▶ DATA SECTION
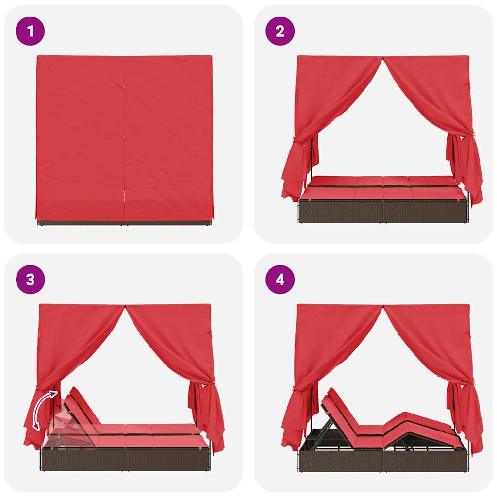 Lettino doppi con Tetto Marrone 205 x 129 x 200 cm Rattan PE
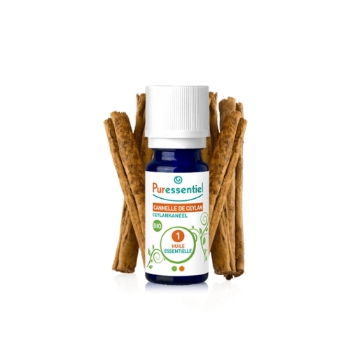 Prendre au maximum 2 gouttes d'Huile essentielle de Cannelle de Ceylan bio Puressentiel 3 fois par jour, sur un comprimé neutre Puressentiel (ou 1 cuillère à café de miel, d'huile d'olive, ou 1/4 de sucre). Ne pas utiliser pure sans support, ni mélangée à l'eau. Pour d'autres conseils d'utilisation, demandez conseil à votre pharmacien. Équivalence : 1ml => 31 gouttes Les huiles essentielles sont à utiliser avec prudence. Leur emploi est strictement contre-indiqué chez la femme enceinte ou allaitante, l'enfant de moins de 3 ans et relatif chez les enfants de moins de 7 ans. Un complément alimentaire ne doit pas se substituer à une alimentation variée et équilibrée et à un mode de vie sain. Se conformer aux conseils d’utilisation. Ne pas dépasser la dose journalière conseillée. Tenir hors de portée des jeunes enfants. Compléments alimentaires. Pour votre santé, mangez au moins cinq fruits et légumes par jour. www.mangerbouger.fr
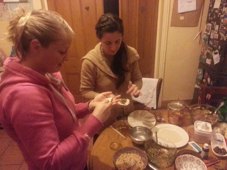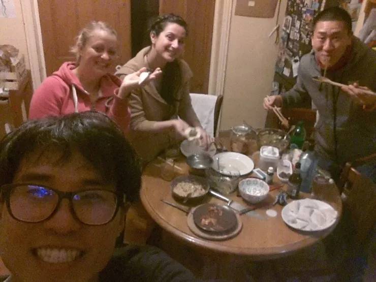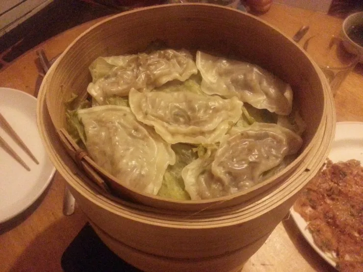 호스트 에바와 다른 플랫메이트에게 만두를 만드는 법을 가르쳐줬어요.

▶ PROBLEM STATEMENT
Omit the pictures, then retype the remaining material without a single change.

▶ EXERCISE SOLUTION
 Lettino doppi con Tetto Marrone 205 x 129 x 200 cm Rattan PE
 Prendre au maximum 2 gouttes d'Huile essentielle de Cannelle de Ceylan bio Puressentiel 3 fois par jour, sur un comprimé neutre Puressentiel (ou 1 cuillère à café de miel, d'huile d'olive, ou 1/4 de sucre). Ne pas utiliser pure sans support, ni mélangée à l'eau. Pour d'autres conseils d'utilisation, demandez conseil à votre pharmacien. Équivalence : 1ml => 31 gouttes Les huiles essentielles sont à utiliser avec prudence. Leur emploi est strictement contre-indiqué chez la femme enceinte ou allaitante, l'enfant de moins de 3 ans et relatif chez les enfants de moins de 7 ans. Un complément alimentaire ne doit pas se substituer à une alimentation variée et équilibrée et à un mode de vie sain. Se conformer aux conseils d’utilisation. Ne pas dépasser la dose journalière conseillée. Tenir hors de portée des jeunes enfants. Compléments alimentaires. Pour votre santé, mangez au moins cinq fruits et légumes par jour. www.mangerbouger.fr
 호스트 에바와 다른 플랫메이트에게 만두를 만드는 법을 가르쳐줬어요.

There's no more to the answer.